或許到了那時,她付出的所有努力,才不會被人輕易抹去。
另一邊龔知府誠惶誠恐,又感恩戴德地跟在太子身後,太子不開口,他就一句話都不敢說。
一路回到龔府,卻見門口候著一個獄卒,正滿臉焦急地來回打轉。
在看到太子和龔知府那一刻,他像是遇見了救星,連滾帶爬跑了過來,湊到龔知府耳邊道:「知府,不好了,昨天不止活下了一個李立,還有一個郭康,郭康和您親隨的表兄一起失蹤了。

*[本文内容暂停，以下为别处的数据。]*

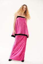 Vestido longo em veludo texturizado. Modelagem reta. Tomara-que-caia. Decote reto. Fenda posterior. Acabamento em veludo de cor contrastante. Fechamento posterior em zíper invisível.

」
龔知府一時氣急攻心,狠狠甩了獄卒一個耳光,他聲音打著顫,腿也打著顫:「為何不早點兒來報?」
那獄卒道:「小的也是剛接到消息。」
方內侍聽到這話,當即尖聲罵道:「在大堂上缺個死屍你都沒發現嗎?」
龔知府覺得自己的心跳到了嗓子眼兒,回頭一看,太子那張魅惑精緻的臉,氤氳著一場暴風雨。
第225章 虞大人這是對孤心有不滿?
整個江州,龔知府能調動的人全部出動,就為尋找丟失的郭康,和龔知府身邊親隨的表兄。
可郭康一家子和那人就像是憑空消失一般,遍尋不到。
龔知府身邊的親隨悄無聲息死去,然而這遠遠不夠。
龔知府這幾天可謂杯弓蛇影,一點兒風吹草動,就覺得是朝廷派下官兵來抓他了。
太子得到人憑空消失的結果時,方內侍正半蹲在地上替他按腿。
面對龔知府這個成事不足敗事有餘的玩意兒,太子沒幾分耐心,只是問道:「虞安和這兩天在做什麼?」
龔知府臉色又苦了幾分:「在招攬鹽商,要他們跟向家學習海藻鹽的製鹽法,並且似乎有意壓低鹽價。」
太子低低笑出了聲:「控制鹽價?兩百文一斗的海藻鹽,還不夠她吃的嗎?」
龔知府道:「太子殿下說的是,二百文一斗已經夠低了,再這麼容她折騰下去,江南鹽政只怕要崩散。」
經過大批鹽官下獄,又有十幾個鹽官,橫死獄中,近來江南風聲鶴唳,鹽官們人人自危。
虞安歌動作很快,背後又有姜欽差撐著,開始對鹽政大刀闊斧改革。
龔知府自身難保,鹽官們不敢在這個風頭惹事,鹽商垂涎於向家的海藻鹽,擔心向家一家獨大,現在虞安歌和向家主動遞出橄欖枝,他們暫時拋卻利益,紛紛前來分一杯羹。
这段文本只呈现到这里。